Take a look at the CEO, publisher and executive editor positions at the New York Times. It’s all in the family. And one of the biggest jokes on Wall Street, their stock is like the Democrat’s super delegates, the Sulzberger family has voting rights while all the other stockholders do not. That assures that Pinch Sulzberger stays highly paid as CEO and publisher of the crumbling empire. Pinchy gets to travel to Devos, Switzerland to discuss economic issues on the non-voting stock holders’ dime. (Devos is one of the most expensive resorts in the world).

Why isn’t the NYT practicing affirmative action? Appoint Jessie Jackson or Al Sharpton as publisher or at least on the board of directors.  Practice what you preach, affirmative action where it counts.

“We are delighted that these two exceptional individuals have agreed to be nominees for election by our shareholders,” the company’s chairman, Arthur Sulzberger Jr., said in a press release sday announcing the news. “The skills, expertise and leadership qualities of these two nominees will greatly benefit our Company during this time of tremendous change in the media world.”
One new director,  Dawn Lepore, served as a director of Wal-Mart from 2001 to 2004. While Ms. Lepore was serving as a Wal-Mart director, along side Hillary Clinton, the Times was denouncing Wal-Mart for a series of supposed sins.  The other  director is from “Big Oil.” Google it if you don’t believe me.

 The Washington Post created a media group and a high paying job for family member Katharine Weymouth, part of the Graham family. Weymouth is the niece of CEO Donald Graham.

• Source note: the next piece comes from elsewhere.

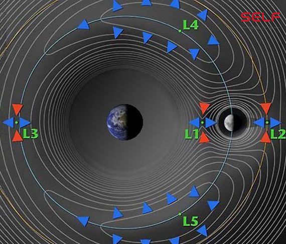 这次我们就要到月球的背面,有一个着陆器和月球车着陆在月球的背面,还有一条飞船叫中继星,我们要飞到地球--月球的拉格朗日2点,是在月球背面的后面,离月球大约是6.5万公里,就是图上最旁边的L2这个点。我们的中继星将要飞到那儿去,因为那里面对的是月球的背面,同时也要看到地球。我们“嫦娥五号”的“重返大气层”试验,已经有一个中继星飞过去了,飞到了地球-月球的L2点。

A new generation of the Graham family  is taking a lead role. Katharine Weymouth, niece of chairman and CEO Donald Graham, has been appointed CEO of Washington Post Media, a new unit that includes the paper and Washingtonpost.Newsweek Interactive. This should bring the business sides closer together, perhaps even integrating them, but the newsrooms will remain distinct.

She also becomes the fifth member of the Graham family to serve as publisher, returning the family to that post as she succeeds Boisfeuillet Jones, Jr.; he is now vice chairman of the company and chairman of the Washington Post (NYSE: WPO).

The Washington Post is actually getting some heat for its elite liberal act.

Washington Post Metro reporter Robert Pierre  said it’s “unconscionable” that the paper would devote a year and 12 chapters to the murder of a white woman — Chandra Levy — when around 200 people per year are murdered in DC — most of them black males. “I personally hope that people march on the paper and throw the papers back,” he says. “It is absolutely absurd and dare I say, racist, at its core.”